MPPIPlanner¶
- class torchrl.modules.MPPIPlanner(*args, **kwargs)[source]¶
MPPI Planner Module.
- Reference:
Model predictive path integral control using covariance variable importance
sampling. (Williams, G., Aldrich, A., and Theodorou, E. A.) https://arxiv.org/abs/1509.01149 - Temporal Difference Learning for Model Predictive Control
(Hansen N., Wang X., Su H.) https://arxiv.org/abs/2203.04955
This module will perform a MPPI planning step when given a TensorDict containing initial states.

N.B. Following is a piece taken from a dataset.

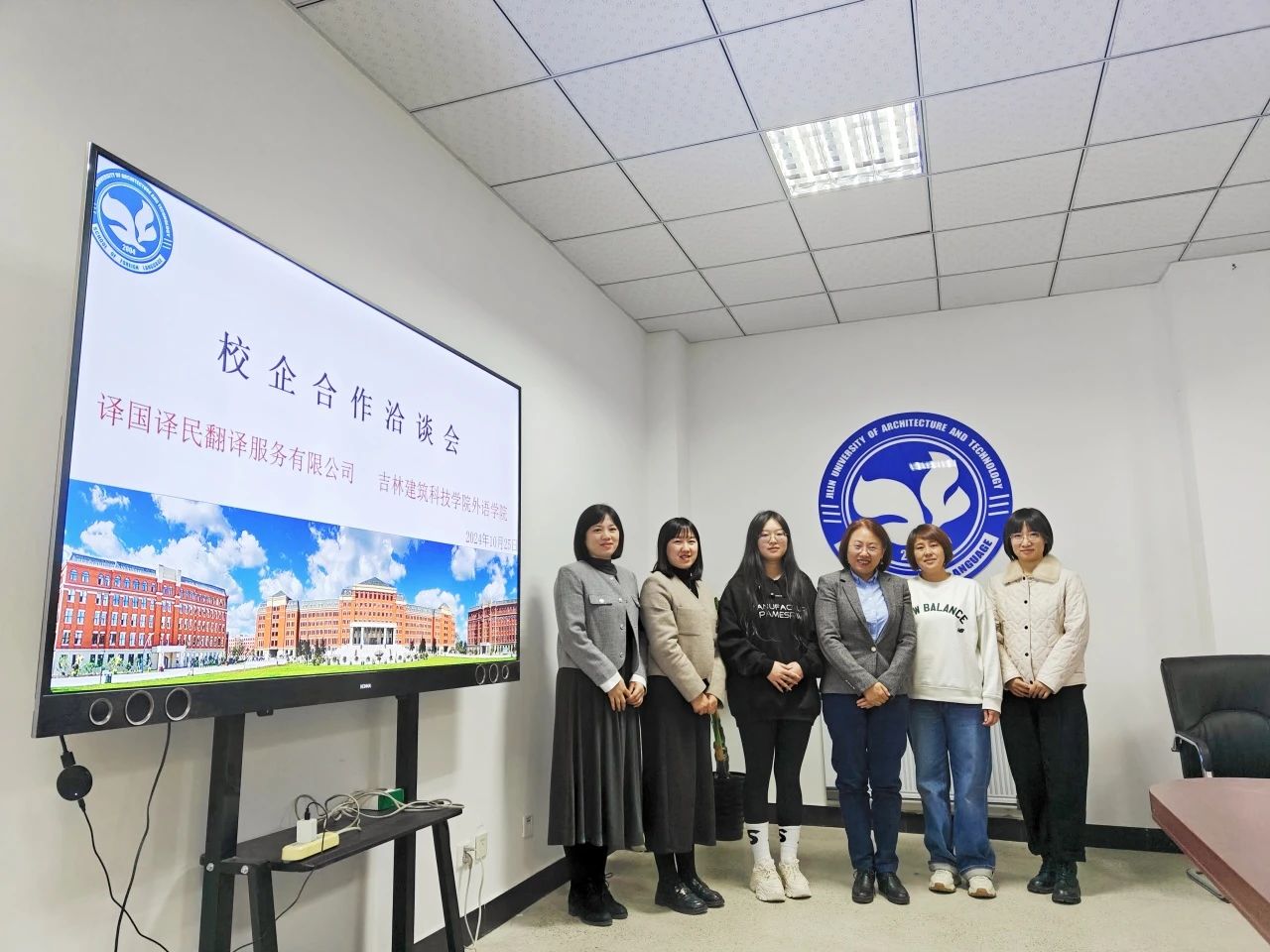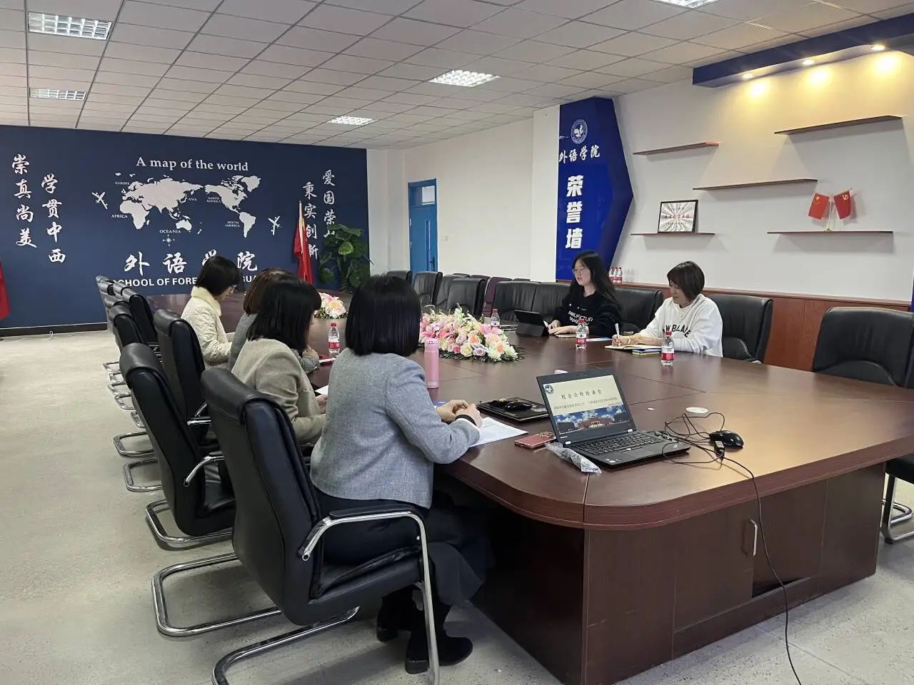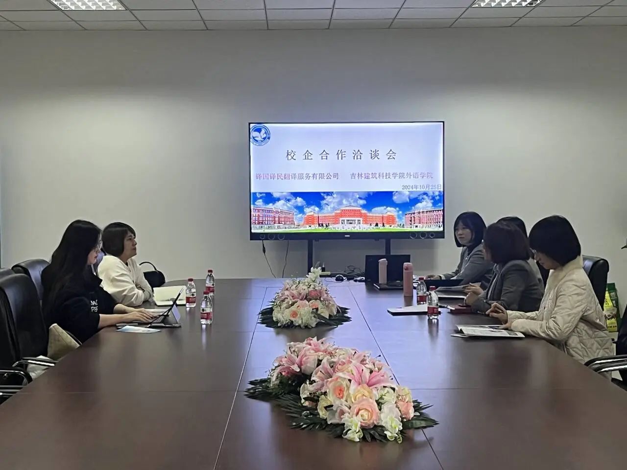 2024年10月25日下午,外语学院与译国译民翻译服务有限公司举行校企合作座谈会,外语学院院长韩松、副院长李晓雨、院长助理齐媛媛、英语专业教研室主任宋瑞雪,译国译民集团东北区经理祁方、总经理助理陆思彤出席本次会议。

A call to the module returns the actions that empirically maximised the returns given a planning horizon
- Parameters:
env (EnvBase) – The environment to perform the planning step on (can be ModelBasedEnv or
EnvBase
).planning_horizon (int) – The length of the simulated trajectories
optim_steps (int) – The number of optimization steps used by the MPC planner
num_candidates (int) – The number of candidates to sample from the Gaussian distributions.
top_k (int) – The number of top candidates to use to update the mean and standard deviation of the Gaussian distribution.
reward_key (str, optional) – The key in the TensorDict to use to retrieve the reward. Defaults to “reward”.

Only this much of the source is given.